Fifteen minutes long, because you're in a hurry, and we're not that smart.

11.41: The Editor’s Wish List, with Navah Wolfe

Navah Wolfe, an editor at Saga Press, joined us to talk about the manuscripts she would really like to see. Ordinarily we don’t encourage people to write to the market, but Navah asked specifically for the opportunity to tell our listeners what she’s looking for. As it happens, tracking Navah’s wish list as you write is unlikely to send you haring after the latest trend—you’re far more likely to develop some new writing skills that will make your work more enjoyable, more fulfilling, and ultimately easier to sell.

Spoiler Warning: In three weeks we’ll be doing a Project in Depth on Ghost Talkers, by Mary Robinette Kowal.
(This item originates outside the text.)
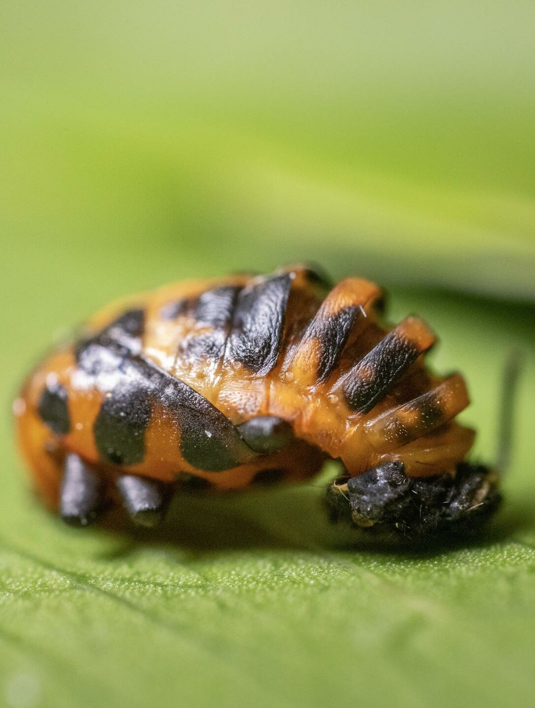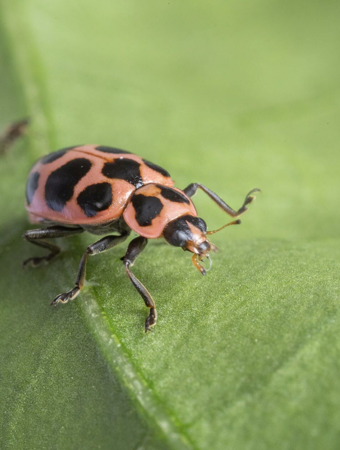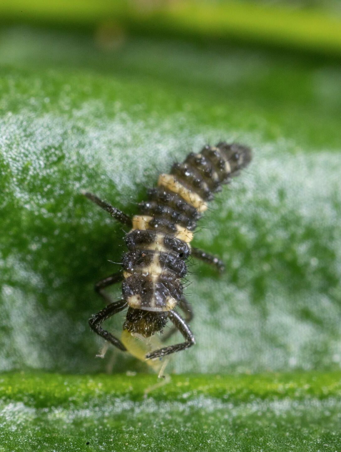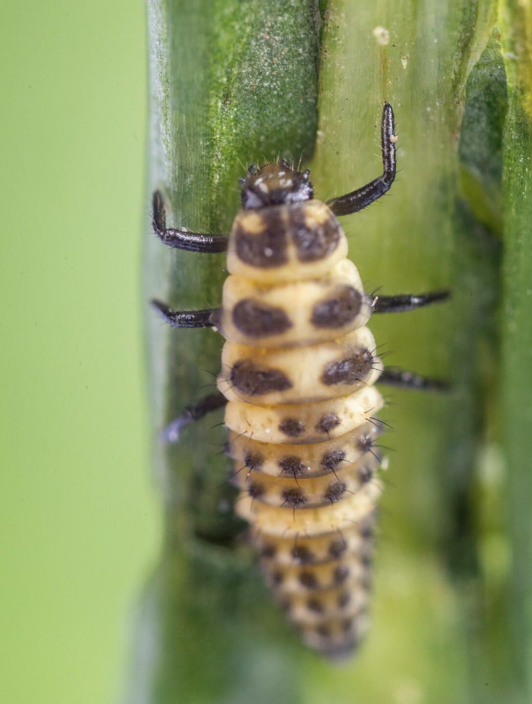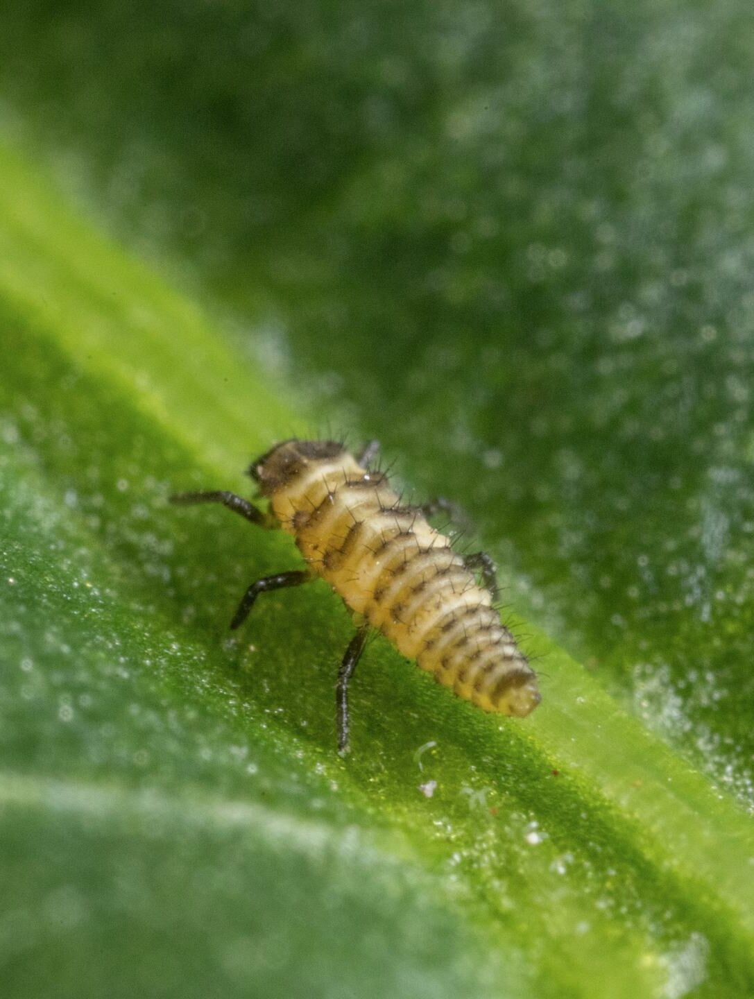 C. maculata larvae are very active and quickly disperse among the crop leaves.

If you want to get the most out of that episode, you have three weeks to acquire and read the book.

Credits: This episode was recorded aboard Oasis of the Seas by Bert Grimm, and mastered by Alex Jackson.

Homework: Write two different “this meets that” pitches, once with a focus on the emotional heart, and once with a focus on set dressing.

Thing of the week: The Starlit Wood: New Fairy Tales, edited by Navah Wolfe (available October 18th, 2016. No audio version available yet).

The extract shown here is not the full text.